▸ **Information shown**:
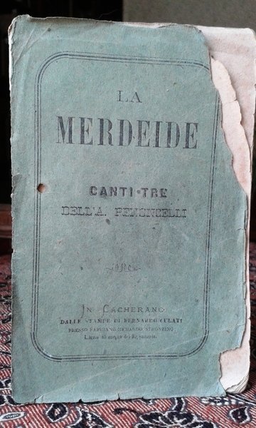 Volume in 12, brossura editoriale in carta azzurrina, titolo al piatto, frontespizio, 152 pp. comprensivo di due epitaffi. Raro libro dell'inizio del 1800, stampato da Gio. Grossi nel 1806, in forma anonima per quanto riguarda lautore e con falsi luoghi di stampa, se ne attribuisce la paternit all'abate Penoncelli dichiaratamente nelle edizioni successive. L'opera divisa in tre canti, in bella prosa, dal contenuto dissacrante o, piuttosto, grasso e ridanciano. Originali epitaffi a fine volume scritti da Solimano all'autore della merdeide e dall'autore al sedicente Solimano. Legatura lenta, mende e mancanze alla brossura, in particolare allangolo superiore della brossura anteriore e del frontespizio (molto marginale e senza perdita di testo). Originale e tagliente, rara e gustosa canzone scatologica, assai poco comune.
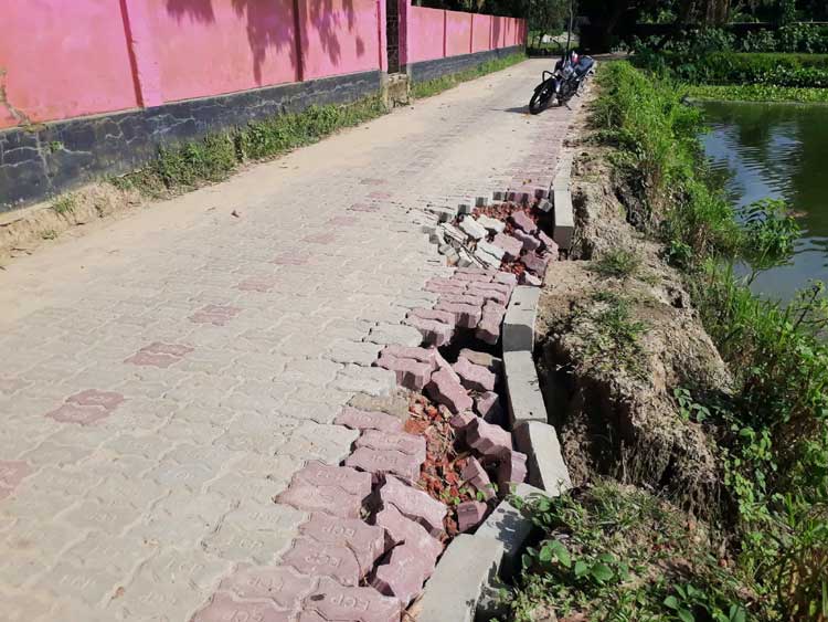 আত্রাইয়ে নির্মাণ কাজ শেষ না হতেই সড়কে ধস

==

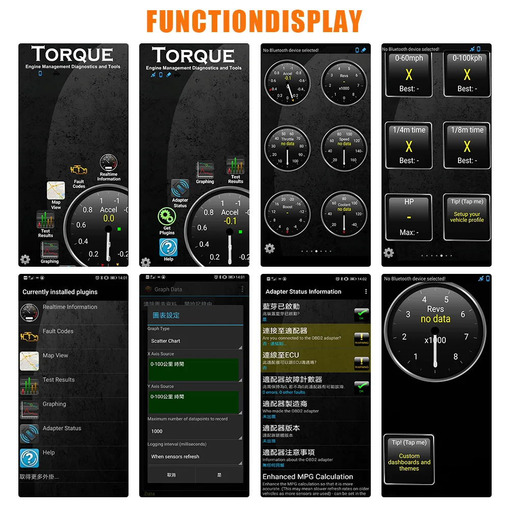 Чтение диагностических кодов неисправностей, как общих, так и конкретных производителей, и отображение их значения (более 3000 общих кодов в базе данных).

...

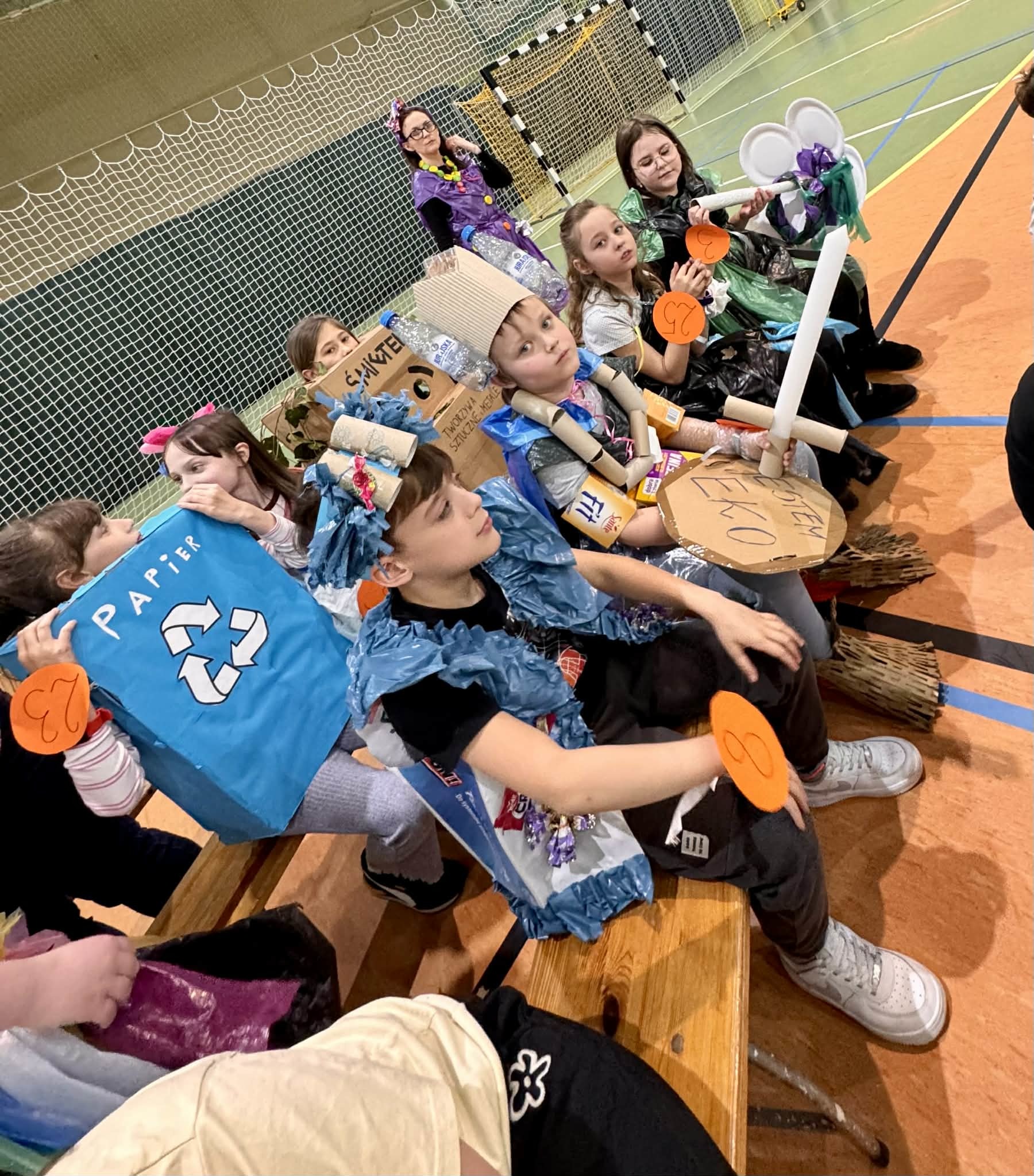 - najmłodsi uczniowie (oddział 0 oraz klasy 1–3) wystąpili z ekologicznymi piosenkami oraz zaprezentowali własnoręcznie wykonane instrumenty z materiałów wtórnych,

▸ **Work request**: Look above for the line holding "Volume in 12, brossura" and output everything from it down to the line holding "আত্রাইয়ে নির্মাণ কাজ শেষ না হতেই সড়কে ধস", both ends included, exactly and without images.

▸ **Answer to this problem**:
 Volume in 12, brossura editoriale in carta azzurrina, titolo al piatto, frontespizio, 152 pp. comprensivo di due epitaffi. Raro libro dell'inizio del 1800, stampato da Gio. Grossi nel 1806, in forma anonima per quanto riguarda lautore e con falsi luoghi di stampa, se ne attribuisce la paternit all'abate Penoncelli dichiaratamente nelle edizioni successive. L'opera divisa in tre canti, in bella prosa, dal contenuto dissacrante o, piuttosto, grasso e ridanciano. Originali epitaffi a fine volume scritti da Solimano all'autore della merdeide e dall'autore al sedicente Solimano. Legatura lenta, mende e mancanze alla brossura, in particolare allangolo superiore della brossura anteriore e del frontespizio (molto marginale e senza perdita di testo). Originale e tagliente, rara e gustosa canzone scatologica, assai poco comune.
 আত্রাইয়ে নির্মাণ কাজ শেষ না হতেই সড়কে ধস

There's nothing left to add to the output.